In most cases, your work is not limited to a single file. Instead, it’s comprised of multiple files residing in a parent directory, or perhaps even version-controlled with Git or the likes.

While Emacs does not ship with project management tooling, there are a few quality libraries that help you with that.

FFIP

find-file-in-project, or ffip in short, provides quick access to files in a directory managed by version-control (git/svn/mercurial). It’s intentionally kept simple. It uses GNU find under the hood, which makes it suitable even for large codebases. The default interface has been recently changed to ivy (introduced earlier). Look no further than ffip for a simple project-management tool.

(use-package find-file-in-project
  :bind (("s-f" . find-file-in-project)
         ("s-F". find-file-in-current-directory)
         ("M-s-f" . find-file-in-project-by-selected))) 

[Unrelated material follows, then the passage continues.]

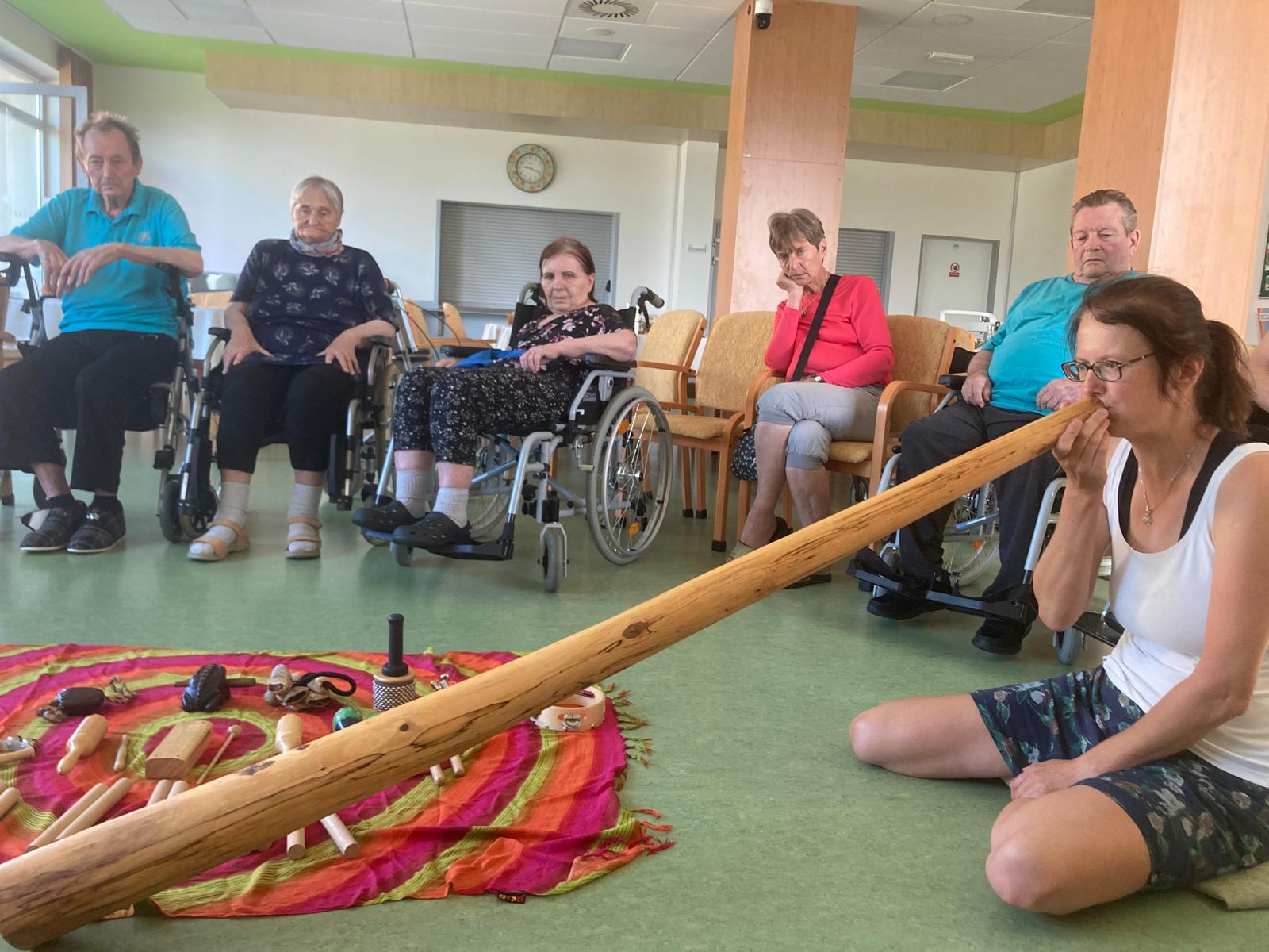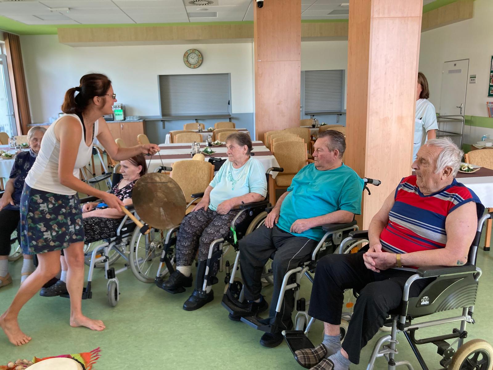Opět nás navštívila paní Mgr. Alena Svobodová, terapeutka celostní muzikoterapie, která si připravila program pro naše obyvatele, tentokrát na A Pavilonu.

The functions are so useful they deserve a short keybinding: s-f is what I’d go with.

Projectile

Projectile is a different beast, leveraging a variety of tools to be a performant project interaction library. While ffip aims to be a minimalistic and fast file-switcher for projects, projectile aims to be the all-encompassing project-management tool. It has certainly proved to be the only one you’ll need.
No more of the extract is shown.